Так граждане судили свое начальство. Они забрали ключи от цейхгауза и от городских ворот, а Гизе произвольно передал управление городскою кассою своему брату. Предлагаемое посредничество герцога курляндского было отклонено; кардинала Радзи-вила, прибывшего из Польши 8 января, не впустили в город, и на письменное королевское повеление принести жалобы на магистрат ему, королю, лично, не обращали внимания. Естественно, что предводителям граждан было гораздо полезнее и выгоднее самим вести переговоры с испуганным и запертым в городе магистратом, чем при чьем-либо посредстве. В угрозах против магистрата недостатка не было. За день пред Крещением, потребовали от магистрата, чтобы он этот день праздновал вместе с общиною по старому календарю. Бургграф Эке был отыскан и приведен в ратушу, его караулили всю ночь и не щадили оскорблений.
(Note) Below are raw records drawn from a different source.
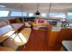 - Main cabin: center teak drop leaf table; teak storage cabinets above both port side galley sinks & starboard settee.
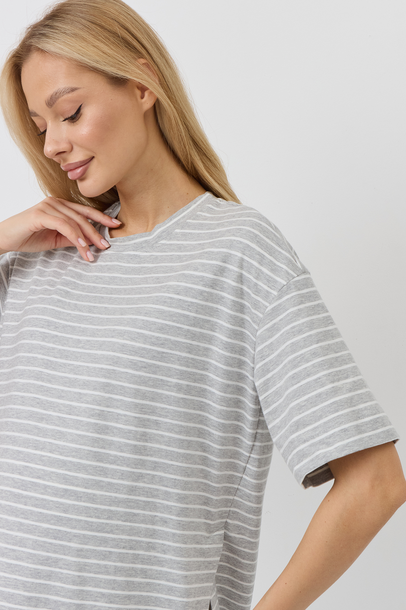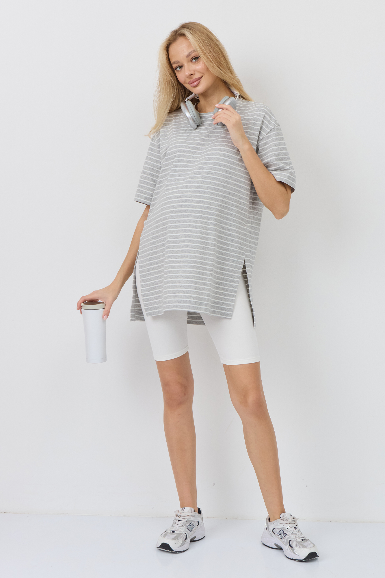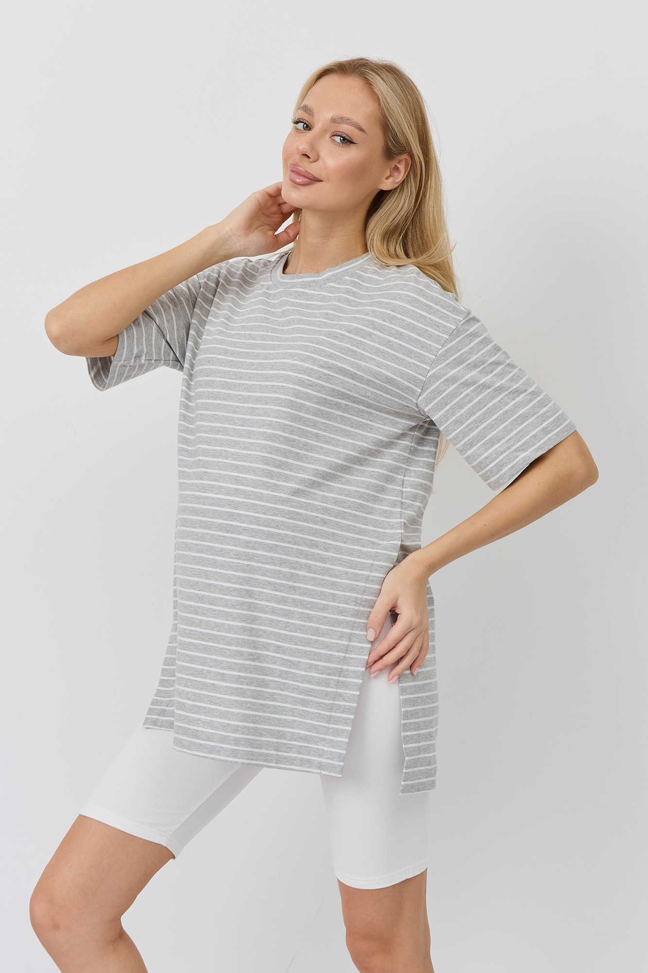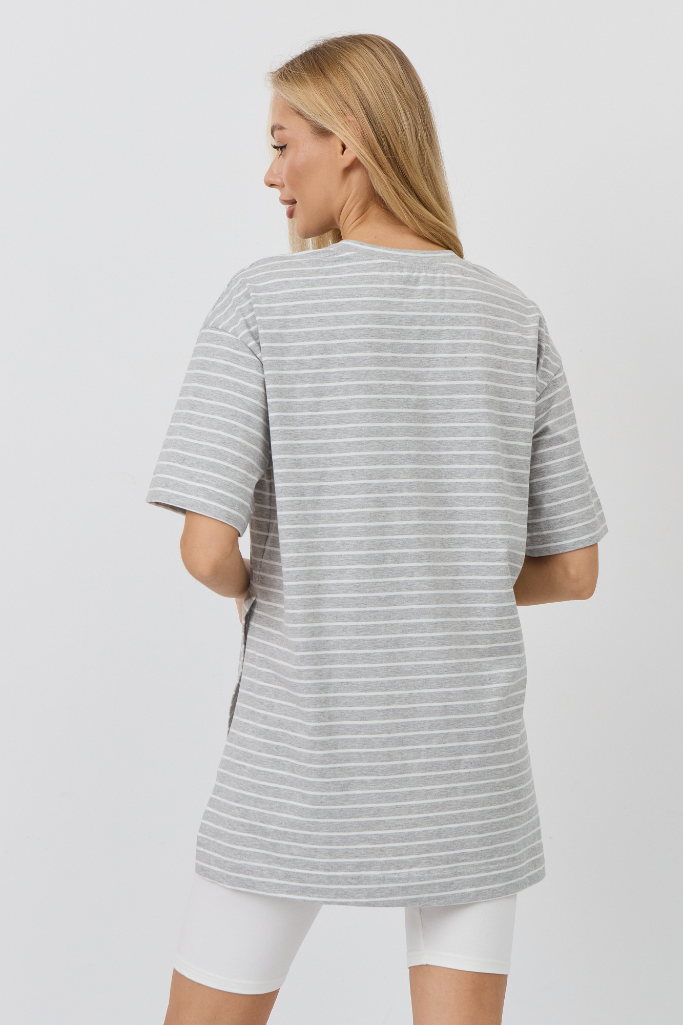 Верх комплекта — футболка оверсайз из кулирки свободного кроя, которая не сковывает движения и обеспечивает максимальный комфорт. Благодаря расслабленному силуэту она красиво садится по фигуре и не стесняет растущий животик. Универсальный фасон позволяет носить её навыпуск или частично заправленной, создавая разные варианты образов.
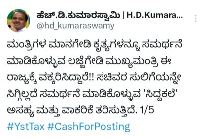 ಮಾನಗೇಡಿ ಕೃತ್ಯಗಳನ್ನು ಸಮರ್ಥಿಸುವ ಲಜ್ಜೆಗೇಡಿ ಸಿಎಂ ರಾಜ್ಯಕ್ಕೆ ವಕ್ಕರಿಸಿದ್ದಾರೆ – ಕುಮಾರಸ್ವಾಮಿ ಟ್ವೀಟ್
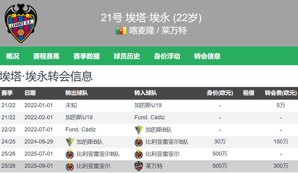 Ayong developed in Cadiz’s youth academy before moving to Villarreal’s youth setup. In the summer 2025 transfer window, he joined Levante from Villarreal for a fee of €3 million. At that time, his market value was only €5 million, but it has now surged to €20 million.

По рукам ходила записка, в которой значились имена тех лиц, которых Эке будто бы хотел казнить ночью за мятежнические замыслы и хотя магистрат заявлял, что об этом ему ровно ничего не известно, тем не менее граждане арестовали служителей магистрата и Велингу грозили пыткой. Наконец, 23 января заключен был договор в 63 пунктах между магистратом и гражданством. Этим переговорам, продолжавшимся почти две недели, граждане весьма радовались и говорили, что они в несколько часов покончили бы с своим магистратом, если бы только хотели употребить силу, будто, и в самом деле, они не употребляли силы и будто договор был заключен, и в самом деле, по обоюдному соглашению.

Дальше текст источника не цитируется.